→ **Your objective**: Return the records word for word. Pictures do not belong in the copy.

════════════════

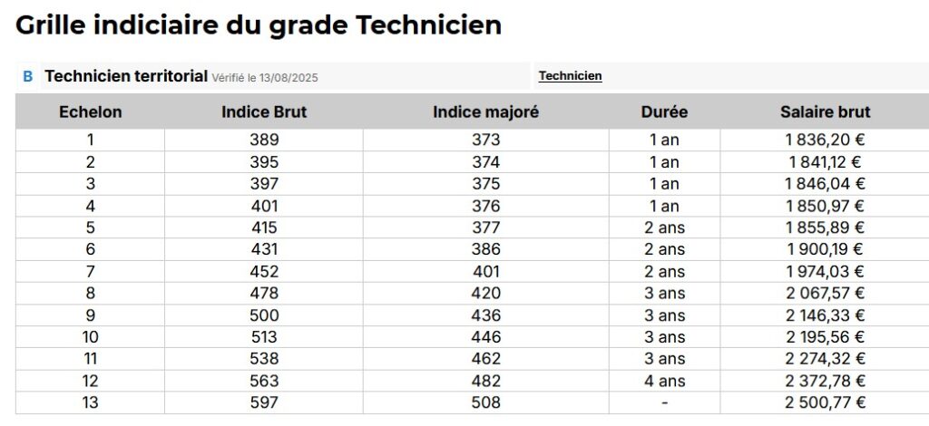 - Technicien principal de 2ème classe – Grille indiciaire (Source : Emploi Collectivités)
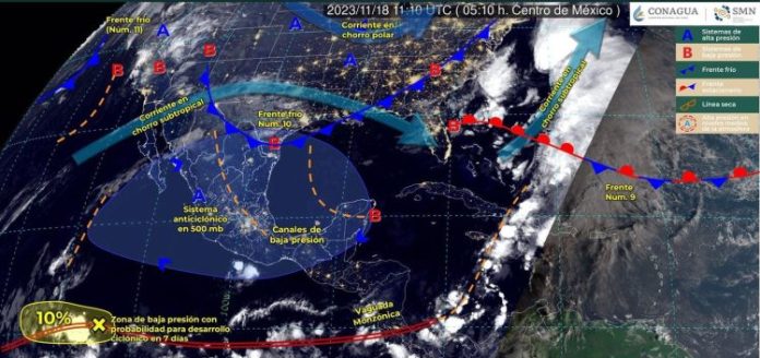 CIUDAD VICTORIA.- Hoy sábado, el Servicio Meteorológico Nacional informó que el frente frío número diez se extenderá sobre el noreste de la República Mexicana, mientras que un nuevo frente frío (Número once) se aproximará a la Península de Baja California.
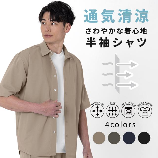 半袖シャツ メンズ 通気性 カジュアル ストレッチ 吸汗速乾 涼しい 春 夏 軽い 薄い 無地 シンプル シャツ イージーケア アーバンスクエア 54375
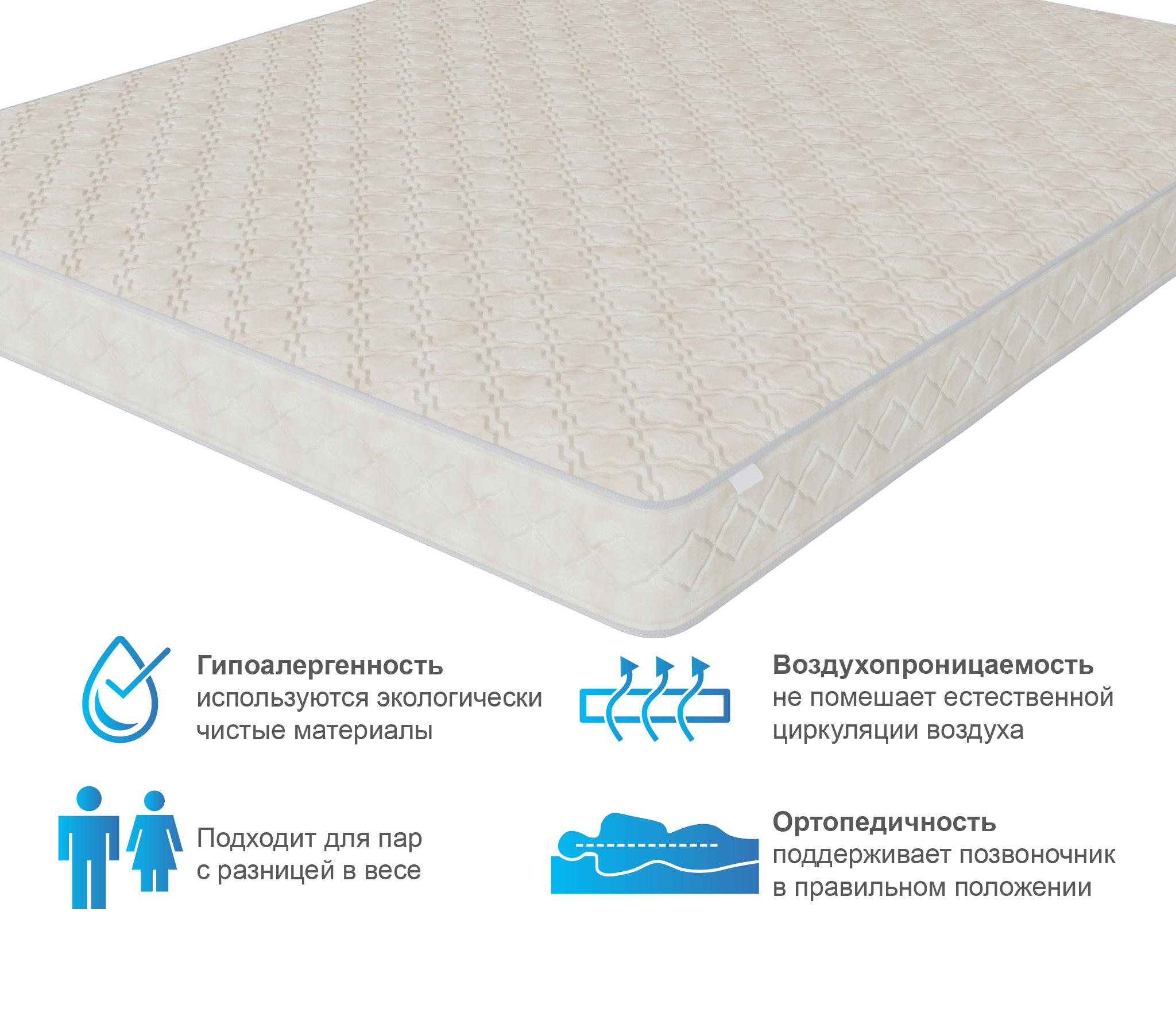Чехол из хлопкового жаккарда обеспечит надежную защиту матрасу и сохранит превосходный внешний вид на долгие годы. Материал экологически чистый, не вызывает аллергии и тем самым отлично подходит для людей склонных к аллергии. Модель рассчитана на нагрузку в 100 кг на одно спальное место.
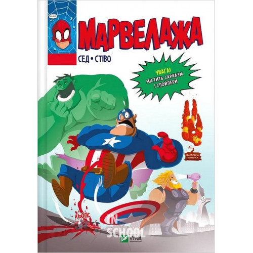 Марвелажа., Сед, Стіво 978-617-17-0602-6 З великою силою приходить велике чортзна-що!Пародійне бандесіне про американських супергероїв від європейських авторів!Щоб написати сценарій до цього комікса, Сед по сім разів передивився всі марвелажові фільми й оформив квитки в кіно як «робочі витрати». Нині він в розшуку за кіношуканство.Стіво, художник і колорист вирішив створити цей комікс за одним присідом, замість шкрябати потрошку день у день. Як наслідок, після 76 безсонних діб за малюванням яскравезних костюмів став частково дальтоніком. І трішки ошалів.Від ціх стрипів ошалієте й ви, адже на вас чекають чудернацькі ситуації, незграбні порятунки, нелогічні подвиги, божевільні експерименти й неприборкані геніальні технології найкумедніших героїв Землі – на роботі й на відпочинку.
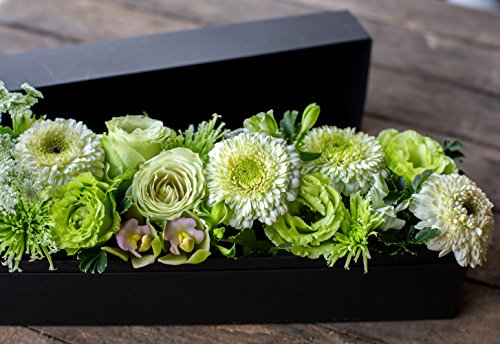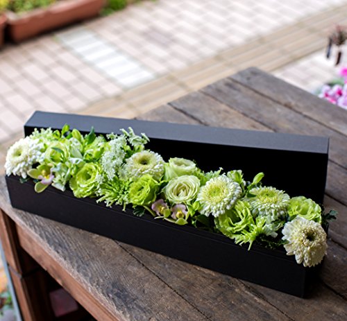 アレンジメントフラワー ギフト サプライズ BOX フラワー ワイドロング型 ( 白 グリーン 系 )
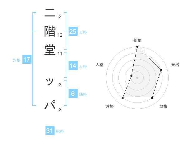 二階堂 ッパさんを姓名の画数から五運を鑑定
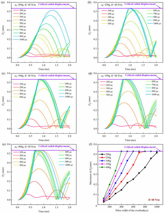 History curves of the free-end displacement of the impact rod of the inertial switch (K = 48 N/m) with time under different overload peak values with overload pulse width varying from 100 μs to 1000 μs: (a) a0 = 200 g, (b) a0 = 250 g, (c) a0 = 300 g, (d) a0 = 350 g, (e) a0 = 400 g and (f) relationship between maximum value of Dp and overload pulse width. Dp was the free-end radial displacement of the impact rod.
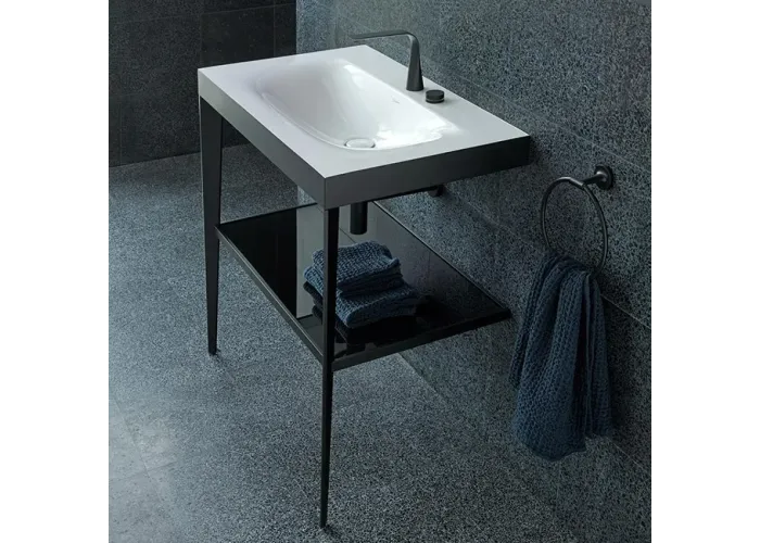 Рама c-bonded міцно склеюється з керамікою і поставляється разом зі скляними вкладками і деталями металевої консолі в одній упаковці. Меблеві умивальники не поставляються з WonderGliss. Кераміка кріпиться до стіни за допомогою двох монтажних рейок і шпильок з різьбленням. Рекомендується декоративний сифон # 005036

════════════════

→ **Your response**:
 - Technicien principal de 2ème classe – Grille indiciaire (Source : Emploi Collectivités)
 CIUDAD VICTORIA.- Hoy sábado, el Servicio Meteorológico Nacional informó que el frente frío número diez se extenderá sobre el noreste de la República Mexicana, mientras que un nuevo frente frío (Número once) se aproximará a la Península de Baja California.
 半袖シャツ メンズ 通気性 カジュアル ストレッチ 吸汗速乾 涼しい 春 夏 軽い 薄い 無地 シンプル シャツ イージーケア アーバンスクエア 54375
Чехол из хлопкового жаккарда обеспечит надежную защиту матрасу и сохранит превосходный внешний вид на долгие годы. Материал экологически чистый, не вызывает аллергии и тем самым отлично подходит для людей склонных к аллергии. Модель рассчитана на нагрузку в 100 кг на одно спальное место.
 Марвелажа., Сед, Стіво 978-617-17-0602-6 З великою силою приходить велике чортзна-що!Пародійне бандесіне про американських супергероїв від європейських авторів!Щоб написати сценарій до цього комікса, Сед по сім разів передивився всі марвелажові фільми й оформив квитки в кіно як «робочі витрати». Нині він в розшуку за кіношуканство.Стіво, художник і колорист вирішив створити цей комікс за одним присідом, замість шкрябати потрошку день у день. Як наслідок, після 76 безсонних діб за малюванням яскравезних костюмів став частково дальтоніком. І трішки ошалів.Від ціх стрипів ошалієте й ви, адже на вас чекають чудернацькі ситуації, незграбні порятунки, нелогічні подвиги, божевільні експерименти й неприборкані геніальні технології найкумедніших героїв Землі – на роботі й на відпочинку.
 アレンジメントフラワー ギフト サプライズ BOX フラワー ワイドロング型 ( 白 グリーン 系 )
 二階堂 ッパさんを姓名の画数から五運を鑑定
 History curves of the free-end displacement of the impact rod of the inertial switch (K = 48 N/m) with time under different overload peak values with overload pulse width varying from 100 μs to 1000 μs: (a) a0 = 200 g, (b) a0 = 250 g, (c) a0 = 300 g, (d) a0 = 350 g, (e) a0 = 400 g and (f) relationship between maximum value of Dp and overload pulse width. Dp was the free-end radial displacement of the impact rod.
 Рама c-bonded міцно склеюється з керамікою і поставляється разом зі скляними вкладками і деталями металевої консолі в одній упаковці. Меблеві умивальники не поставляються з WonderGliss. Кераміка кріпиться до стіни за допомогою двох монтажних рейок і шпильок з різьбленням. Рекомендується декоративний сифон # 005036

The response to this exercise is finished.